Inspiration
A healthcare planner, NGO coordinator, or analyst is handed 10,000 scraped, uneven healthcare-facility records. Half the "capabilities" are unverified claims, key fields are sparse (capacity is present in ~25% of rows, doctor counts in ~36%), and some values are physically impossible. The questions they actually need answered are simple to ask and hard to answer responsibly:
- Can this facility really do what it claims?
- Where are the real care gaps — not just the places we happened to measure poorly?
- Where should this specific patient go right now?
- And before anyone spends money: will building more facilities actually fix the health outcome, or is that just a correlation?
You cannot act on hope.

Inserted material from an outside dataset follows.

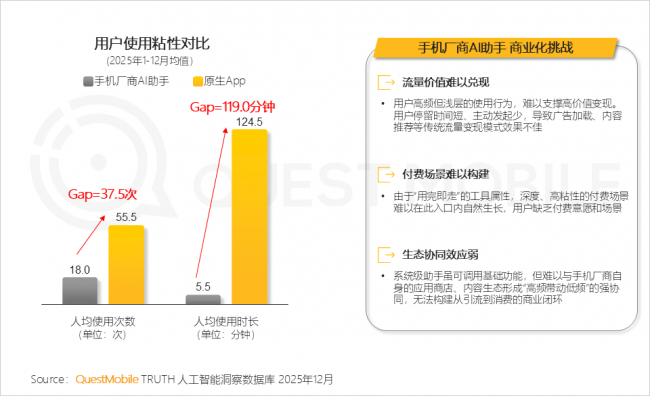 4.6 但相比原生App,手机厂商AI助手在功能深度、用户粘性上表现“乏力”,叠加商业转化路径商不明朗,面临流量变现、付费场景构建及生态协同的多重挑战
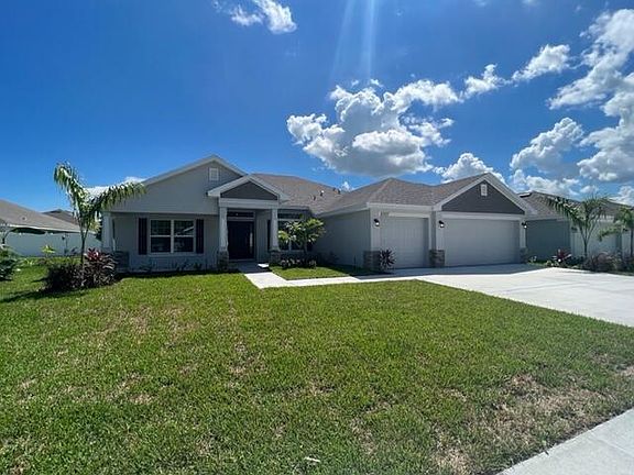 QUICK MOVE-IN! Brand New CBS Home with 3 Car Garage!! 2,265 Living sq. ft with 4 bedrooms 3 full bathrooms and 3 Car Garage, lots of room with 10' Ceilings, Foyer entrance, Dining, Living and family room. Enjoy the large covered lanai that offers plenty of space for your guests and access to a cabana bath! Split-floor plan with Master suite/ split vanity and tub and shower and private water room. Close to I-95 and Fl. Turnpike, shops and restaurants, fishing, golf, and beaches! Community pool, fitness room, playground, picnic area, volleyball, tennis and pickle ball courts. ALL CLOSING COSTS PAID with approved lender!! **Sample Photos Used** Don't wait - Come take a look today!

You need evidence behind every claim, an honest confidence number, and the discipline to tell a correlation from a cause. That is facilitiesHelp.io.
Every number in the app is computed live from the complete dataset — no sampling, no placeholders, no fabricated statistics — and every claim cites the facility's own text.
# What it does — all 4 tracks + 2 bonus tracks, in one app
The hackathon offered four tracks and teams could pick just one. facilitiesHelp.io delivers all four, plus two bonus tracks, in a single coherent app where every answer carries both its evidence and its uncertainty.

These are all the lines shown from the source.